Comparing Mexico's case with Colombia's is misleading, analysts say, in part because Mexico is guarded about even a suggestion of US military intervention.

"Mexico prohibits US military training in the country, and that's not about to change," says Maureen Meyer, director of Mexico issues at the Washington Office on Latin America.

Currently Mexico receives about $40 million a year in counternarcotics assistance from the US, which puts it well below Colombia and even Peru – a country that, like Colombia, is a producer of coca. Some Mexican soldiers do receive training in the US, and the FBI trains and works with police in Mexico. But unlike in Colombia, where the US Army and Marines have served training and advisory roles, no one is discussing the idea of putting American military personnel on Mexican soil.

Mexico is battling a handful of powerful drug lords – who in turn are fighting a war of attrition against one another – not a domestic guerrilla group that has entered the drug trade as a way to make money. The latter has been the case with Colombia's fight against the trafficking operations of the Colombian Revolutionary Armed Forces, or FARC.

In Mexico, "it's not the FARC, it's Pablo Escobar," says Mr. Isacson, referring to the storied Colombian cocaine king killed in 1993. "And that suggests a very different kind of aid package."

Plan Colombia money also helps rural families displaced by decades of fighting and goes toward "illicit crop eradication" and alternative crop development – issues that are either nonexistent or (in the case of eradication) less important in Mexico.
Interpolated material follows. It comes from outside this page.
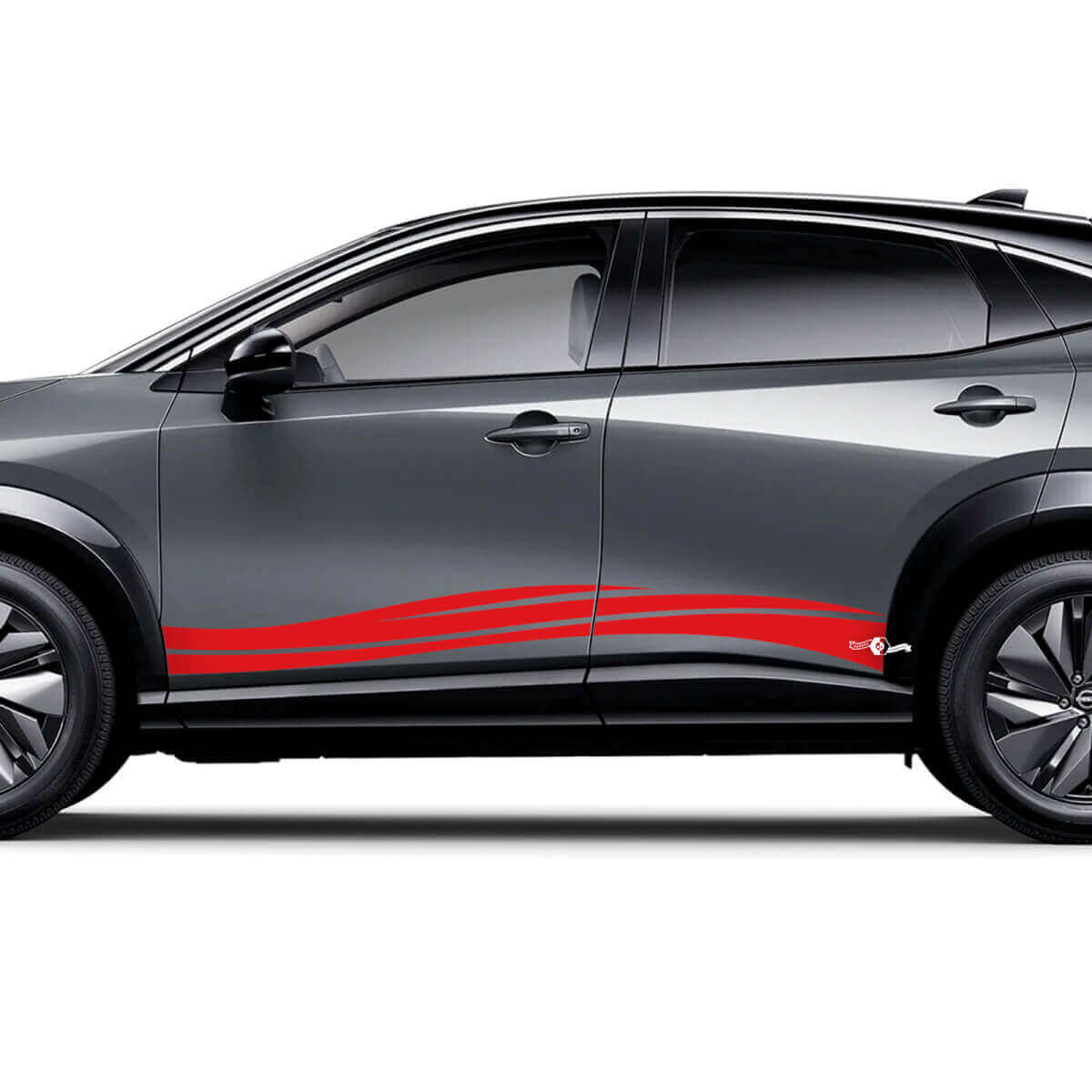 Enhance your Nissan ARIYA with the Sides Universal Wave Graphics Decal Kit. Designed for a perfect fit, this vinyl decal set adds a sleek, modern wave pattern that complements your vehicle’s style.

Mexico's increased aid is expected instead to buy equipment to improve the country's monitoring of its air space, systems for electronic surveillance, high-powered weapons, and professional training for Mexican security forces, say officials from the two countries

One objective is to "level the playing field" for Mexican security officers who confront opponents in drug gangs – some of whom are better armed and trained than the officers. (Indeed, some members of the Gulf cartel's notorious enforcement arm, the Zetas, are former Mexican military personnel who received US training.)

Cause for concern

But the planned aid increase raises some troubling questions, say analysts from both sides of the border. They include:

•To what extent will it deepen the involvement of Mexico's military in a battle with domestic crime gangs?
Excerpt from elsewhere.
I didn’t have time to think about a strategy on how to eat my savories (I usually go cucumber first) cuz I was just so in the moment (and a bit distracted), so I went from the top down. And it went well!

•How much will it focus on cleaning up and professionalizing the Mexican police, considered in Mexico to be corrupt?

•What emphasis will be put on reinforcing the rule of law by boosting aid to Mexico's judicial system and civil-society organizations focused on human rights?
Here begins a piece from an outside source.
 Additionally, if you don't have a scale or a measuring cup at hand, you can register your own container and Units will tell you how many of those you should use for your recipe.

•To what extent does increased US involvement play into an extension of the war on terror south of the border and into Central America?

"Unless a large part of any package deals with getting institutions like the police and the judicial system ... back into the game, you'll open the door to the military being the answer in all cases of crime and law enforcement," says Isacson.

Some analysts say the US must develop a regional strategy against drug-trafficking if it hopes to match the multinational fluidity of the drug cartels. Europol could provide a "useful template" for a regional antidrug effort, writes Roger Noriega, Mr. Bush's former assistant secretary for Western Hemisphere affairs, in a commentary for the American Enterprise Institute published last week.

While that may be a long-term goal, Mr. Noriega says the US should act quickly to assist Mexico in its drug war and take advantage of Calderón's request for help. Leaving the matter to the appropriations process would mean boosting aid perhaps a year from now, he notes, adding that the opportunity presented by Calderón – and the ongoing threat to US security from international drug trafficking – warrants Bush seeking "urgent supplemental funds" this fall. "The opportunity to build this alliance against a deadly foe may not come again," he adds.